「第四話」空梅雨道之
『朝九時、病院の前で集合。 飛鳥』
どうやって連絡先を手に入れたのか……恐怖と疑問に埋め尽くされたメールの内容は、上司の初命令だった。不審ではあったが流石に無視はできないため、軽い朝食とシャワーを済ませた後、俺は着替えて外に出た。
「……あっ」
病院の壁が見えてきたところで、入り口付近に人影が二つ見えた。一つは高身長の赤髪……昨日と同じく派手な着物姿の飛鳥さんだった。もう一つは分からない、飛鳥さんと同じく腰に刀を差してはいるが、彼女ほどの気迫はなかった。……男、だろうか? 整っている顔立ちは、遠くから見ると丸みがあった。……おっと、こちらに気づいたようだ。
「八時五十五分……約束の時間の五分前だな」
飛鳥さんは相変わらず高圧的だった。元々血生臭い学生生活を送っていたからか……この人のいる空間では、どうも拳を強く握ってしまう。対照的に隣の男は弱そうだった、へらへらとした笑み、落ち着きのない態度。芯が無い人間の典型だった。
「まぁいいだろう。逃げずに来ただけでも褒めてやる」
冗談じゃない、殺すぞ。抑える気などさらさらない、睨みつけることによって俺は訴えた。
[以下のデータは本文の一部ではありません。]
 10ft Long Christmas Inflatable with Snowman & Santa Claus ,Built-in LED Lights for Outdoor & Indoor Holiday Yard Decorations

「まぁまぁ! えっと……獅子雄くん。いや、獅子雄さんなのかな? 君が十七才で僕が十六才、でも僕の方が『破苦』では先輩だから。えーっと」
「……呼び捨てで良いっすよ」
芯どころか、意思も無いように思える。隣にいる飛鳥さんにアイコンタクトを送っている、これは助けを求めているサインだ。情けない、飛鳥さんはなぜ俺を呼んだ?
「呼び方などどうでもいい。獅子雄、私たち『破苦』は基本、二人一組で任務にあたる。今日からお前はこいつとペアを組め。……自己紹介」
「えっ、あっ。か、空梅雨道之です! よろしくね、獅子雄くん!」
「金比良獅子雄です」
まるで母親とその息子のような構図だ。俺は遠慮という形でやんわり断りたかったが、飛鳥さんの手前……仕方なく手を握った。しなやかに見えた手は、以外にもごつごつしていて分厚い、腰の刀は飾りではないようだ。
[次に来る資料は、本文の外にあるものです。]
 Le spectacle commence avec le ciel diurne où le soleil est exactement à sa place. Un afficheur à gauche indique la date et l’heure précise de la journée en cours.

「では、私は私の任務があるからここで失礼させてもらう。道之、獅子雄に色々教えてやれ」
「はっ……はい! 頑張ります」
嬉しそうな表情は子供のように見えた。飛鳥は道之のそんな様子に瞼を閉じた後、俺が来た道とは逆の方向へと去って行った。去り行く背中に思う存分手を振り、道之はようやく俺の方を向いた。
「じゃあ、行こうか!」
道之はそう言って、飛鳥さんとは逆の方向に歩き始めた。俺は後を追い、隣に並ぶように歩調を合わせた。隣に立ってみて改めて、腰の刀とその風貌が不釣り合いに見えて仕方なかった。
「……」
「……」
「……」
「道之さん」
「……うぇ、えっ!? ああ、何? 獅子雄くん。あと呼び捨てで良いよ」
「……道之、どうして『破苦』に入ろうと思ったんすか?」
単純な疑問、目的地に着くまでのちょっとした暇つぶし。だが、正直言って、この頼りない上司の腹の内を探ろうと思う自分がいたのも確かだ。
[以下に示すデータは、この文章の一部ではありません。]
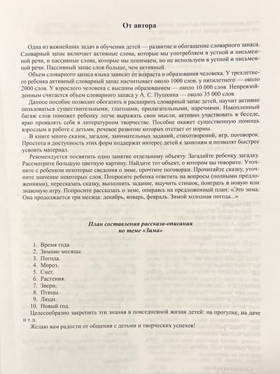The material presented in the manual will enrich and expand the vocabulary of children 5-7 years old, teach them to use nouns, adjectives, verbs, adverbs. The book contains many author's fairy tales, riddles, sayings, poems, entertaining tasks, games on the lexical topic "Winter". The tab gives color pictures.
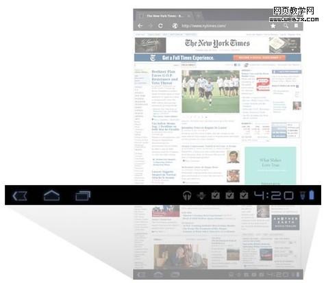 虽然iOS平台将系统栏做的尽量小,但是Android Honeycomb 扩大了系统栏的尺寸并包含通知和软导航按钮。其中包括返回按钮、主页按钮和最新应用程序按钮。

「えーっとね、うん。誤解を招くかもしれないけど、そうだね……」
顎に手を当て、暫く考えてから、道之は答えてくれた。
「僕の夢に一番近かったから。ヒーローになりたいんだ、僕」
「……?」
「ピンと来てない顔だね。いやぁ考えても見てよ、人間の命を脅かす『夢喰い』。それを人知れず退治して、平和を守る『破苦』……これをヒーローと言わないで、どうやって表現すればいいと思う?」
「言われてみれば、そんな気がしてきたかもしれないっすね。確かに、ヒーローみたいだ」
幼稚な考えではあるが理解はできる、ある程度の納得もできた。成程、的を射ている。
「危ないし、怖いし、死ぬかもしれない仕事だけど、僕は気に入ってるんだよね、この仕事」
此処に関しては、綺麗ごとだなと思った。俺の心がすさんでいるだけかもしれないが、狂っているとしか思えない。誰も知らないところで他人を助けて、誰も知らないところで命を賭けて、誰も知らないところでいつか死んでしまう……考えるだけで恐ろしい。
「道之に聞きたいことがあるんっすけど」
「何でも聞いて! 大丈夫、僕こんな見た目だけどちゃんと『破苦』やってるから!」
「『カミ』という『夢喰い』について何か知らないっすか」
――重圧。俺は、瞬時に思い出す。隣の男が『破苦』であること、上司である事……いくつもの死線を潜り抜けながら『夢喰い』を斬り続けてきたことを。腑抜けていた拳に喝を入れ、思わず後ろに下がった。
「……どうして、知りたいの?」
怯むな、言え!
「あいつに、好きな女を病院送りにされました」
睨んでいた、違う……きっと俺は怯えている。さっきまでと別人みたいだ、落ち着け……先制攻撃? いいやダメだ、怯えたままじゃ仕留めきれない! 出方を伺え、構えろ、備えろ! ――表情筋が、動く。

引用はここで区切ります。